Анатолий Егорович смотрел сквозь давно не мытые стёкла лоджии, и ему видны были окна хирургического корпуса, откуда спускались вниз верёвочки, а потом взвивались вверх с привязанными к ним хозяйственными сумками. И вдруг распахнулось ещё одно окно.
Возникшая в нём девушка показала пареньку, топтавшемуся внизу, небольшой свёрток и жестом объяснила: «Это тебе». Паренёк отрицательно покачал головой, но девушка повелительно повторила жест: «Тебе!» — и, привязав свёрток к верёвке, быстро спустила его вниз. Анатолий Егорович давно уже держал Таню за руку: смотрите, мол, смотрите. И Таня смотрела. Как только паренёк отвязал свёрток от верёвки, девушка захлопнула окно и исчезла.
— Понятно? — спросил Таню Анатолий Егорович.
— Нет, — ответила Таня.
— Ах непонятно?
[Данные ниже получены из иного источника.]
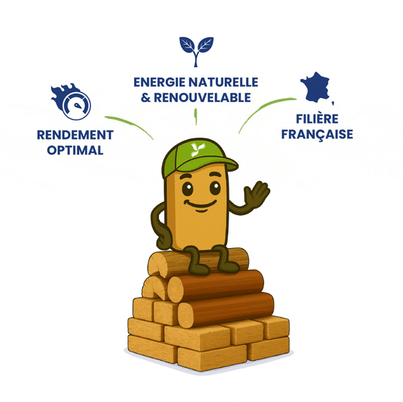 Compo. : Bûches rondes densifiées composée de 100% de sciures et copeaux de bois non traités

Тогда идите сюда.
Анатолий Егорович потащил Таню к другой стороне застеклённой лоджии, и Таня увидела, как из-за угла старинного корпуса появился паренёк со свёртком. Оглядевшись по сторонам, он разорвал несколько слоёв бумажных салфеток, под которыми обнаружился бутерброд. Паренёк начал жевать его, трескать за обе щеки, как недавно сказал профессор Корнильев.
— Это вам не «чуть-чуть», — сказал Анатолий Егорович. — Она ему больничные тефтели послала! Ничего так не хочу в жизни, как оказаться на его месте. Наверно, они студенты. Поженились против воли родителей. Бедствуют, но счастливы. Мне этого уже не пережить никогда.
Таня сидела за столиком дежурной сестры. Она была очень огорчена, и Маша её утешала:
— Подумаешь, хлопнул дверью! Да ты ему скажи, кто эта зануда, которая мужа больничным пайком кормит, и всё в порядке. Я их хорошо знаю. Никакие они не студенты.